# Information:
▼▼▼

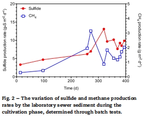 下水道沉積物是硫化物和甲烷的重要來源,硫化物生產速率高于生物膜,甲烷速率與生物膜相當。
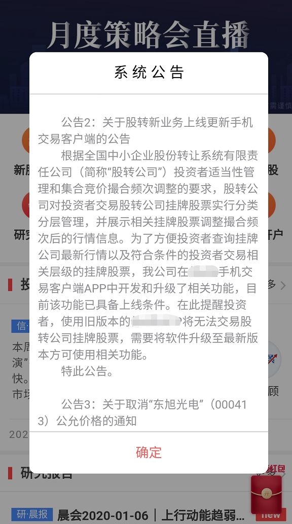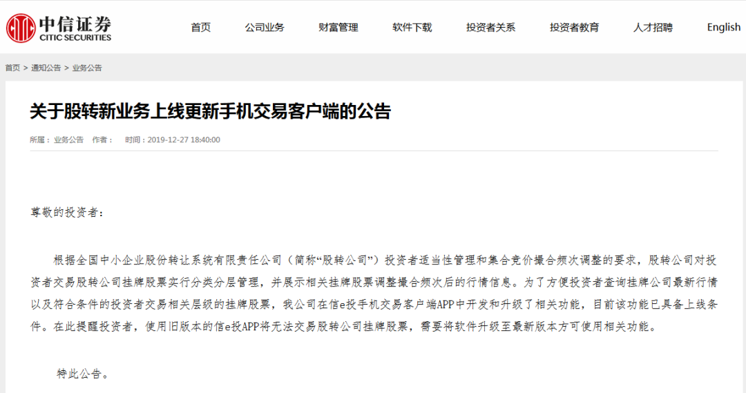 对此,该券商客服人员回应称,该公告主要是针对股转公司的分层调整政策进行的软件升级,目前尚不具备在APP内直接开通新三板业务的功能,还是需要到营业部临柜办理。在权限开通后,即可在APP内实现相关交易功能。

▲▲▲
▼▼▼

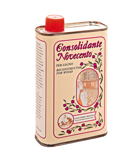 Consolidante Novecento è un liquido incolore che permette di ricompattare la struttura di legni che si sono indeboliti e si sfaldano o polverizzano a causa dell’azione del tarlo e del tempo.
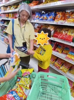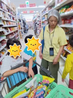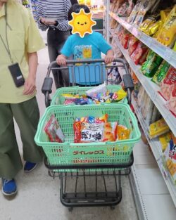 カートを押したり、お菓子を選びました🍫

▲▲▲

# Work request:
Only the lines starting at the one with "Consolidante Novecento è" and ending at the one with "カートを押したり、お菓子を選びました🍫" should be printed, each exactly as it appears in the material above; the pictures are to be omitted.

# Output for this task:
 Consolidante Novecento è un liquido incolore che permette di ricompattare la struttura di legni che si sono indeboliti e si sfaldano o polverizzano a causa dell’azione del tarlo e del tempo.
 カートを押したり、お菓子を選びました🍫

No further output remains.